[Opening DATASET SECTION section]
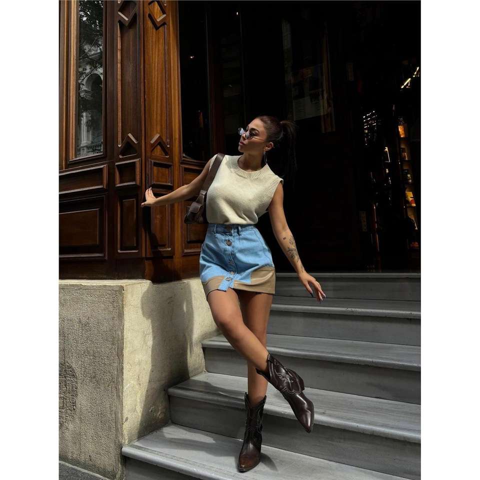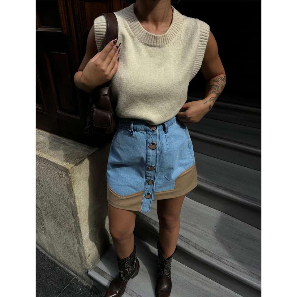 Autumn Cute Short Denim Skirt Distressed Washed Leather Trim Button Closure Y2K Vintage Style-Beige Midi Maxi Slit Waist
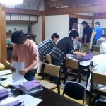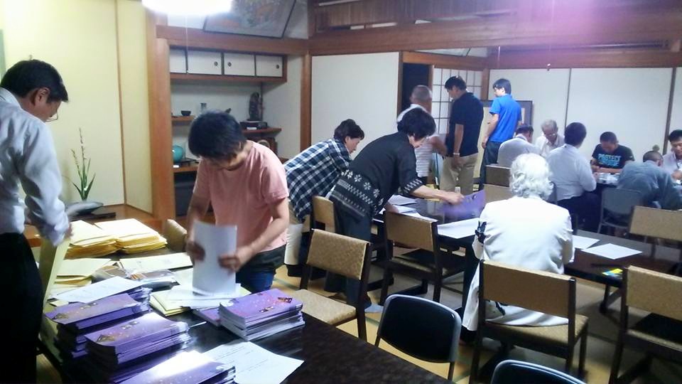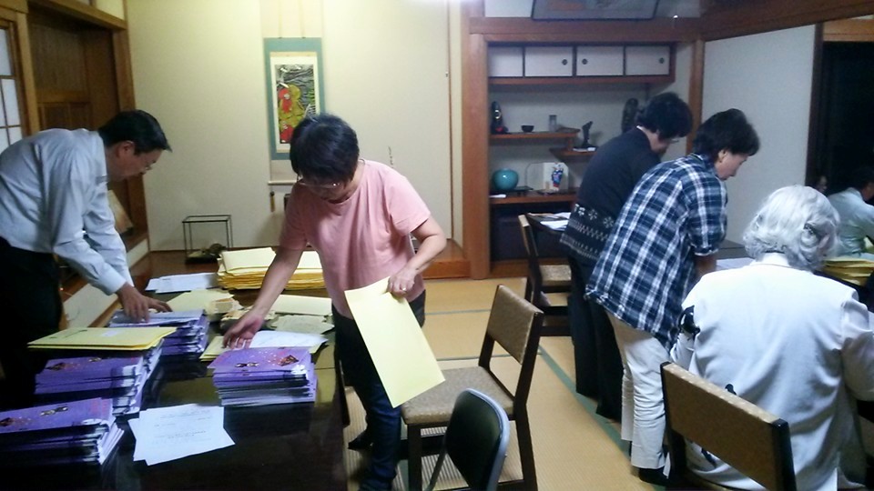15日夜には島原城薪能振興会の運営委員会で、賛助会員や広告協賛企業の皆様へ、発送作業を行いました。 作業終了後は、本番を1か月後を控えての綿密な打ち合わせの会議。会議の終了はなんと約午後11時半!
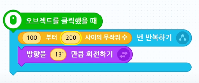 회전하기 블록에 회전 각도를 정했다면, 이제 반복하기 블록을 가지고 와서,
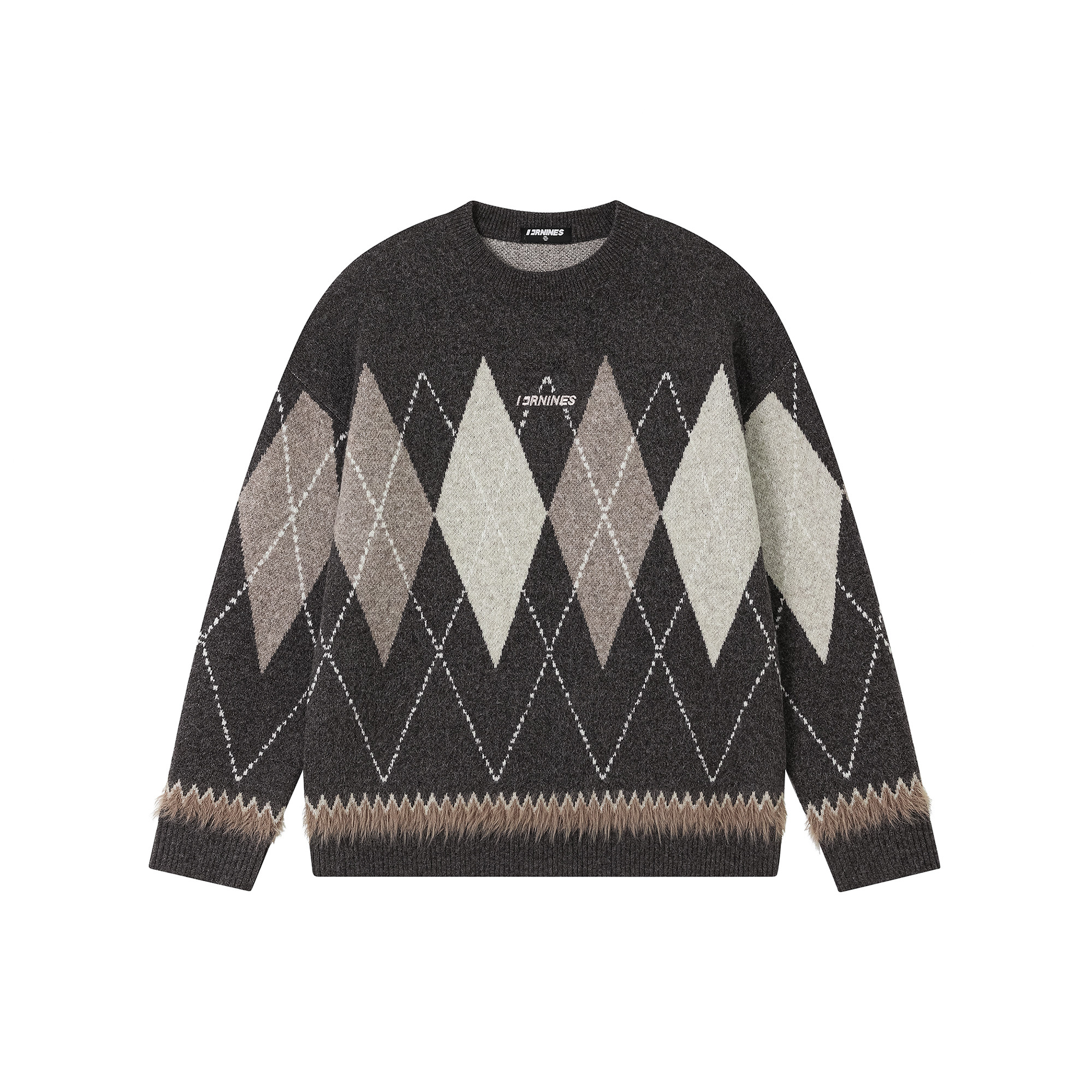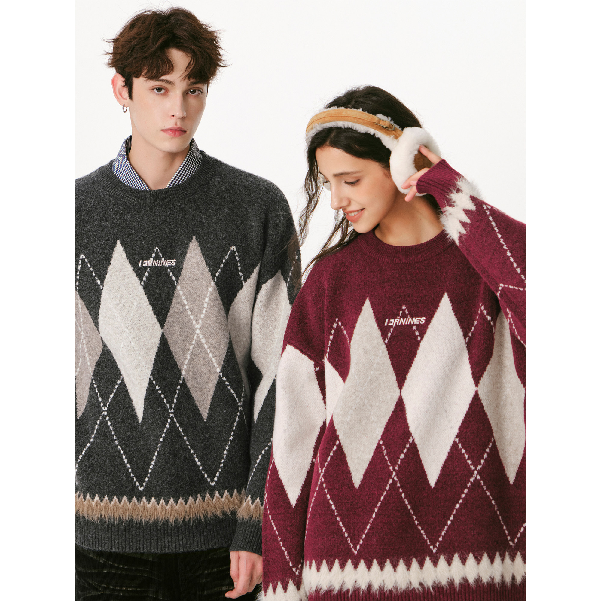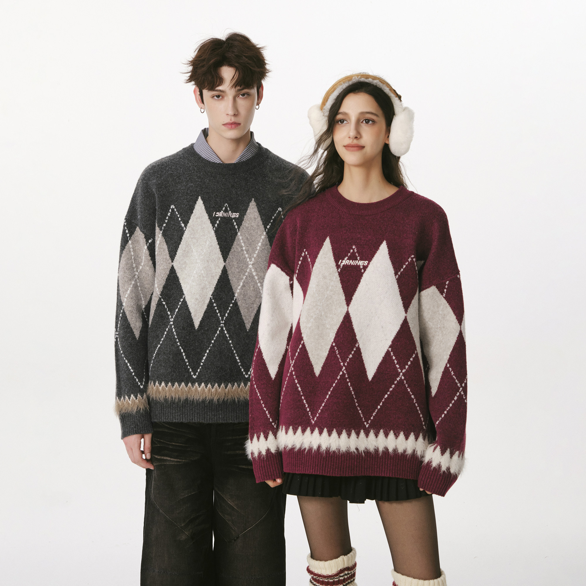 FORNINES含绵羊毛菱形格子毛衣男款秋冬季情侣毛线衣慵懒针织衫女
[Closing DATASET SECTION section]
Return the full listing above exactly as written, and omit the pictures.

RESPONSE TO THE EXERCISE
 Autumn Cute Short Denim Skirt Distressed Washed Leather Trim Button Closure Y2K Vintage Style-Beige Midi Maxi Slit Waist
15日夜には島原城薪能振興会の運営委員会で、賛助会員や広告協賛企業の皆様へ、発送作業を行いました。 作業終了後は、本番を1か月後を控えての綿密な打ち合わせの会議。会議の終了はなんと約午後11時半!
 회전하기 블록에 회전 각도를 정했다면, 이제 반복하기 블록을 가지고 와서,
 FORNINES含绵羊毛菱形格子毛衣男款秋冬季情侣毛线衣慵懒针织衫女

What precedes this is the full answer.